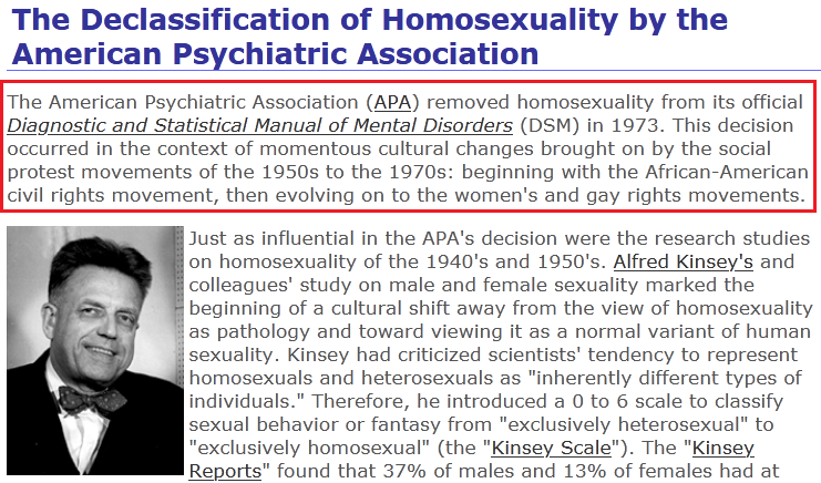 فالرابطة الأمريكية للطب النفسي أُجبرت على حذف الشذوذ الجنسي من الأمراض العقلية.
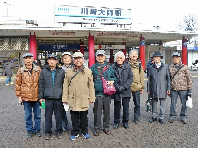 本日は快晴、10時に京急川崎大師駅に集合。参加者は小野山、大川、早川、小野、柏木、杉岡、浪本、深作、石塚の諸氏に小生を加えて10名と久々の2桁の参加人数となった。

---

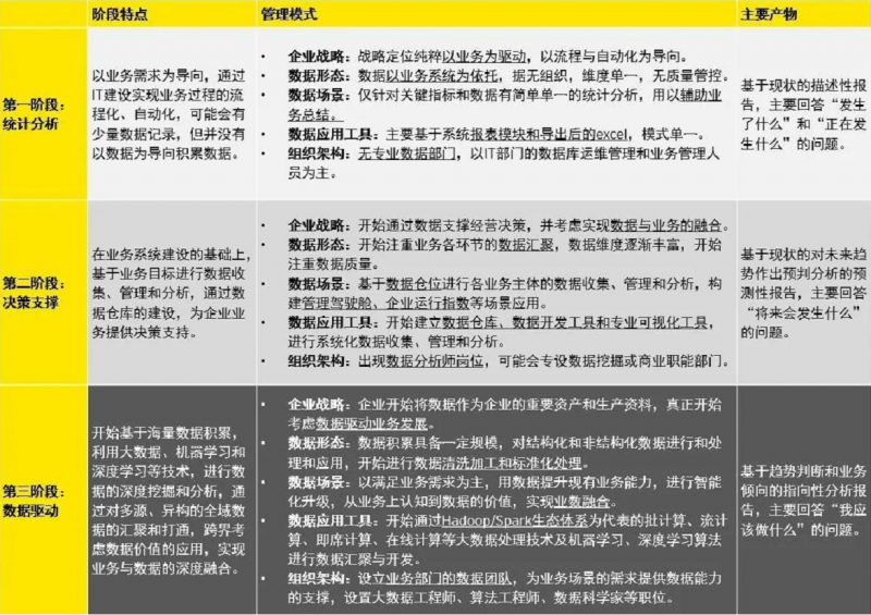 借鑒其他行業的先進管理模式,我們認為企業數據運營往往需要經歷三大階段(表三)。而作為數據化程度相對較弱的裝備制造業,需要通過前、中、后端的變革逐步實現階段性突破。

## Task
Pictures are to be left out. Write out only the lines above starting at the one with "فالرابطة الأمريكية للطب" and ending at the one with "本日は快晴、10時に京急川崎", both lines included, exactly.

## Answer section
 فالرابطة الأمريكية للطب النفسي أُجبرت على حذف الشذوذ الجنسي من الأمراض العقلية.
 本日は快晴、10時に京急川崎大師駅に集合。参加者は小野山、大川、早川、小野、柏木、杉岡、浪本、深作、石塚の諸氏に小生を加えて10名と久々の2桁の参加人数となった。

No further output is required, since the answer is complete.